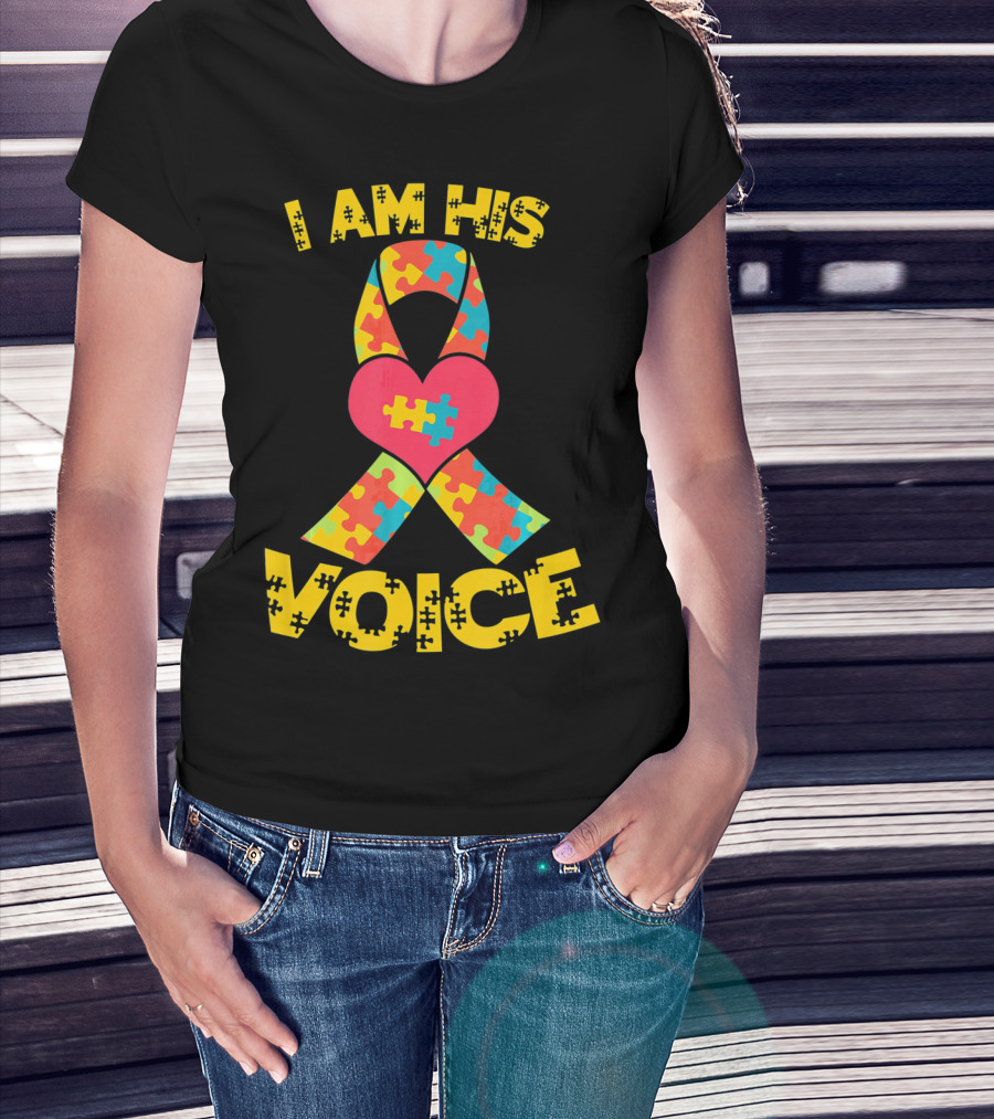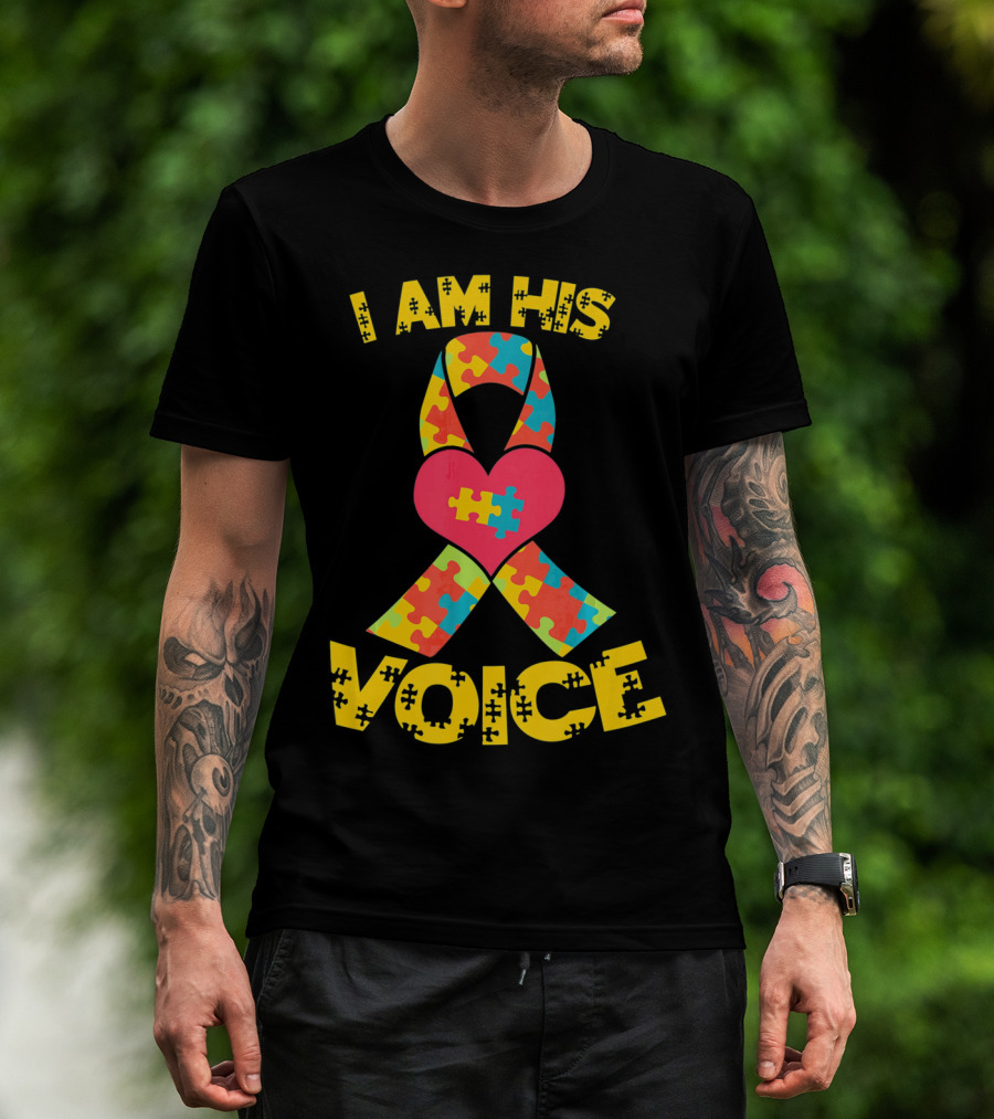 I Am His Voice Autism Awareness Puzzle Ribbon Heart T-Shirt
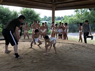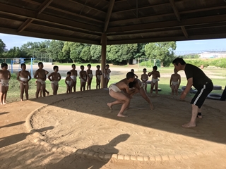 7月10日(火)今日は、先週悪天候で中止になった相撲の練習がありました。松本さんにおいでいただき、ご指導をいただきました。子供たちは、初練習でしたが、熱心に取り組んでいました。
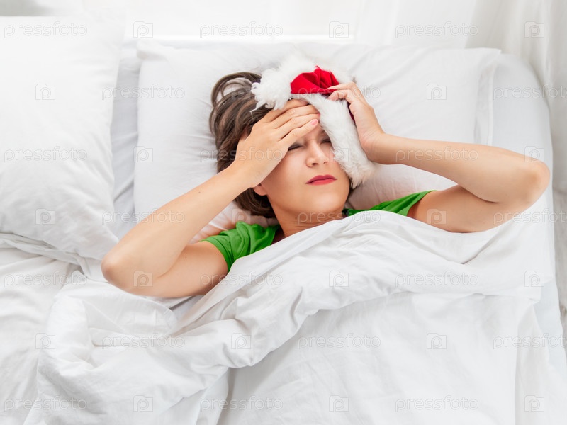 Женщина в шляпе Санты просыпается после рождественской вечеринки. У нее болит голова после празднования Нового года. Раннее тяжелое утро. Отказ от алкоголя. Худшее похмелье

Your goal: Apart from its pictures, the data is to be repeated exactly.

Response to the task:
 I Am His Voice Autism Awareness Puzzle Ribbon Heart T-Shirt
 7月10日(火)今日は、先週悪天候で中止になった相撲の練習がありました。松本さんにおいでいただき、ご指導をいただきました。子供たちは、初練習でしたが、熱心に取り組んでいました。
 Женщина в шляпе Санты просыпается после рождественской вечеринки. У нее болит голова после празднования Нового года. Раннее тяжелое утро. Отказ от алкоголя. Худшее похмелье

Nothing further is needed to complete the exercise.